---

## 💡 **Before You Start**  
In **data engineering**, generators are used because:  
- Data is often too large to fit in memory.  
- Lazy evaluation saves time and resources.  
- Clean code that behaves like a pipeline.

---

## 🏁 **Level 1: Beginner — Fundamental Generator Usage**  

---

### 🧑‍💻 **Q1: Generate Numbers 1 to N**

**Task:**  
Write a generator function `generate_numbers(n)` that yields numbers from `1` to `n` one by one.

💡 **Why:** This mirrors scenarios like streaming row IDs or sequential event timestamps.

**Example:**
```python
gen = generate_numbers(5)
print(list(gen))  # Output: [1, 2, 3, 4, 5]
```

---

### 🧑‍💻 **Q2: Infinite Even Number Stream**

**Task:**  
Create a generator `generate_even_numbers()` that produces an **infinite sequence of even numbers** starting from `2`. Stop iteration must be controlled from the consumer side.

💡 **Why:** Many data systems process streaming data with unknown size, and generators fit perfectly.

**Example:**
```python
gen = generate_even_numbers()
for _ in range(5):
    print(next(gen), end=' ')  # Output: 2 4 6 8 10
```

---

### 🧑‍💻 **Q3: Square Values of a List**

**Task:**  
Write a generator `square_numbers(lst)` that takes a list of numbers and lazily yields their squares.

💡 **Why:** Mimics data transformation pipelines — e.g., normalizing numerical fields.

**Example:**
```python
lst = [1, 2, 3, 4]
gen = square_numbers(lst)
print(list(gen))  # Output: [1, 4, 9, 16]
```

---

### 🧑‍💻 **Q4: Chunk a Large Dataset**

**Task:**  
Write a generator `chunker(iterable, chunk_size)` that splits large data into smaller chunks of size `chunk_size`.

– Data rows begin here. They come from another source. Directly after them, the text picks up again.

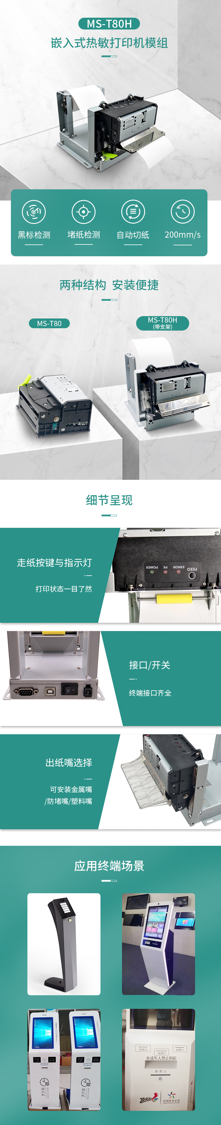 MS-T80/H 打印模塊采用AOI行式熱敏打印頭片,它具有高速打印、噪聲低、 可靠性強(qiáng)、打印質(zhì)量高。該打印機(jī)結(jié)構(gòu)小巧、同時(shí)擁有自動(dòng)進(jìn)紙、自動(dòng)切紙、黑 標(biāo)檢測(cè)、紙將盡檢測(cè)等功能。 此模組 ALL-IN-ONE,控制板與機(jī)芯完全結(jié)合為一體,大大節(jié)省了模組的空 間,極大地方便了模具的開(kāi)發(fā)設(shè)計(jì)。此打印機(jī)擁有走紙按鍵及指示燈,讓終端用 戶(hù)使用起來(lái)更簡(jiǎn)單、流暢。打印機(jī)適應(yīng)領(lǐng)域:適用于自助查詢(xún)終端、排隊(duì)機(jī)、ATM、彩票打印、日志打 印、自助話費(fèi)清單打印機(jī)、自助發(fā)票打印、自助繳費(fèi)機(jī)等領(lǐng)域的使用。
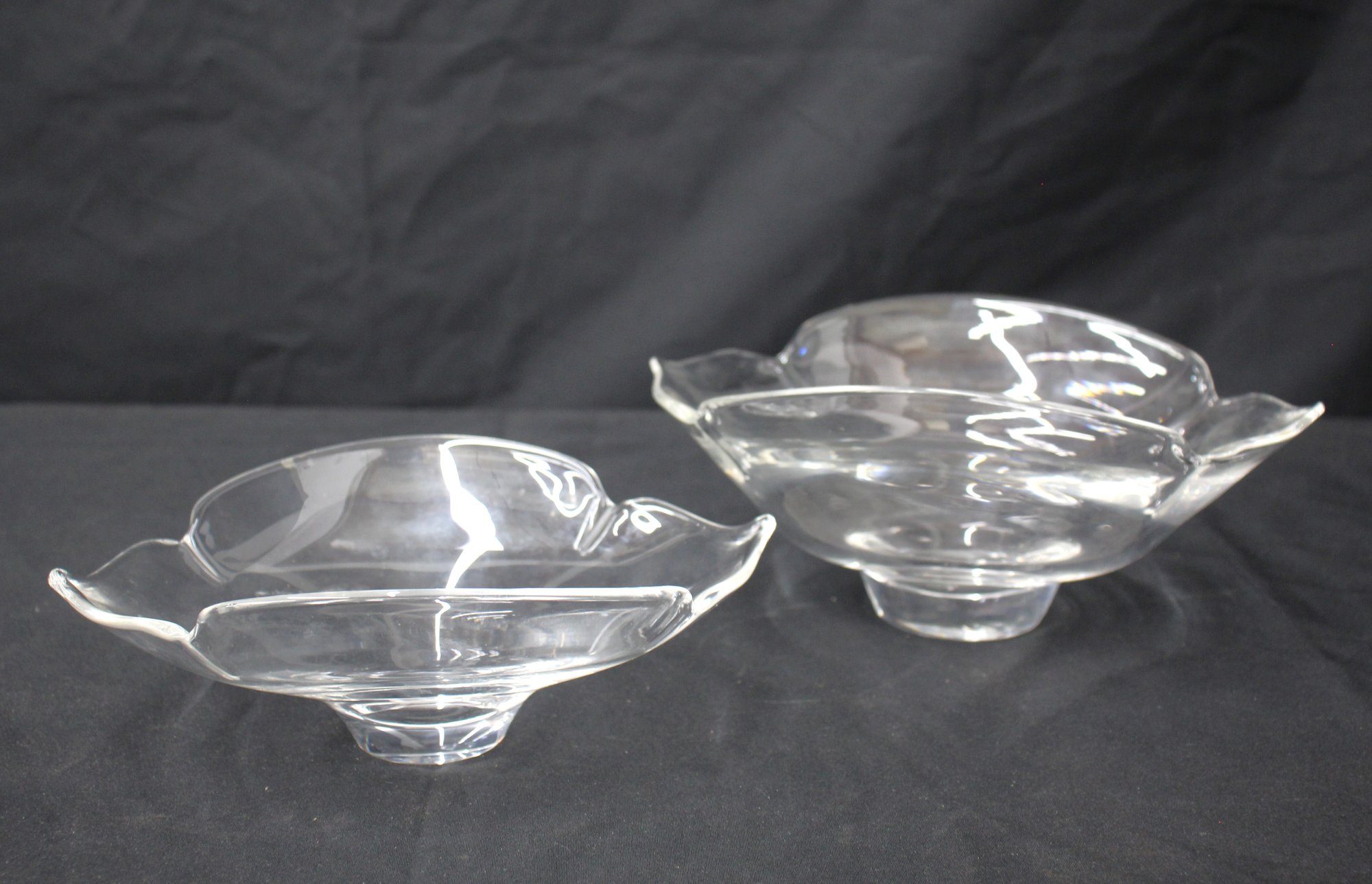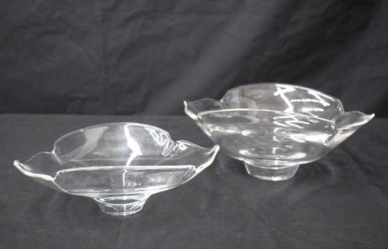 pair of Steuben Crystal Art Glass Calyx Leaf Flower Petal-Shaped Bowls. Renowned for their elegance and craftsmanship, these bowls embody the timeless beauty and sophistication of Steuben glasswork.
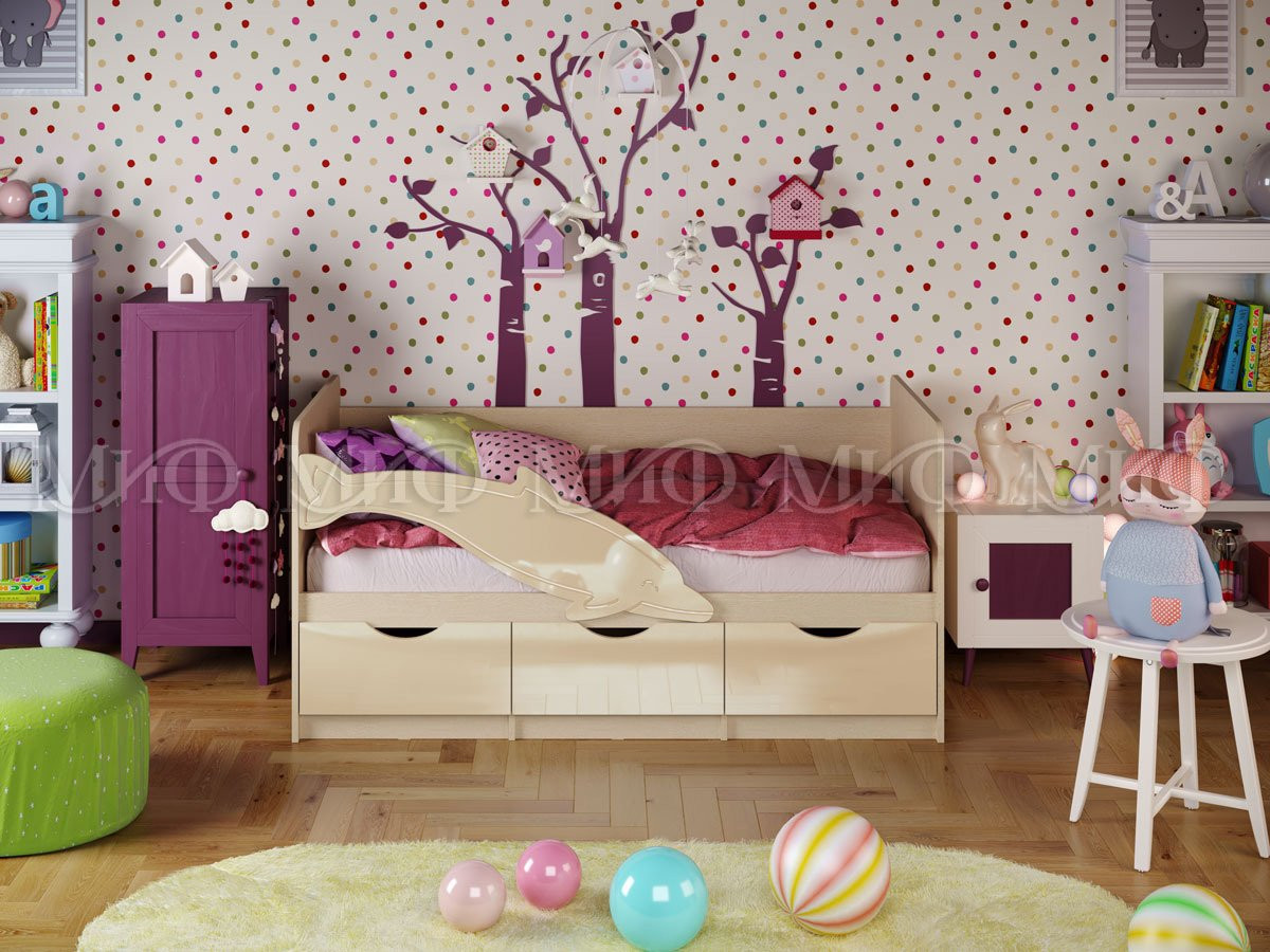 Кроватка Дельфин для Ваших детей благодаря небольшому размеру (длина 1,6м, 1.8м, 2,0 м) компактно разместится в детской комнате, и не займёт игровое пространство. Ящики под кроваткой скроют все коробочки и вещи длительного хранения. Особо радует родителей наличие бортика для безопасного сна. Корпус кроватки выполняется всегда в светлом цвете, а фасады можно выбрать. Даже внешне эта кровать выглядит очень уютной. А ограничительная планка делает ее еще и безопасной. Выбирайте любой цвет фасада для создания гармоничного интерьера.

💡 **Why:** Chunking is fundamental for batch processing — Snowflake, S3, GCS, Kafka all use this.

**Example:**
```python
lst = [1, 2, 3, 4, 5, 6, 7]
gen = chunker(lst, 3)
for chunk in gen:
    print(chunk)  # Output: [1,2,3], [4,5,6], [7]
```

---

### 🧑‍💻 **Q5: CSV Row Reader**

**Task:**  
Write a generator `read_csv(file_path)` that reads a CSV file line by line, yielding each row as a list.

💡 **Why:**  
When dealing with huge files like logs or transaction records, you never want to load the whole file into memory.

**Example:**
```python
# Suppose file content is:
# John,30,NY
# Alice,25,LA

gen = read_csv('users.csv')
print(next(gen))  # Output: ['John', '30', 'NY']
```

---

## ⚡️ **Level 2: Intermediate — Transformation & Filtering**

---

### 🧑‍💻 **Q6: Filter Positive Numbers**

**Task:**  
Write a generator `filter_positive_numbers(numbers)` that yields only **positive integers** from a given list.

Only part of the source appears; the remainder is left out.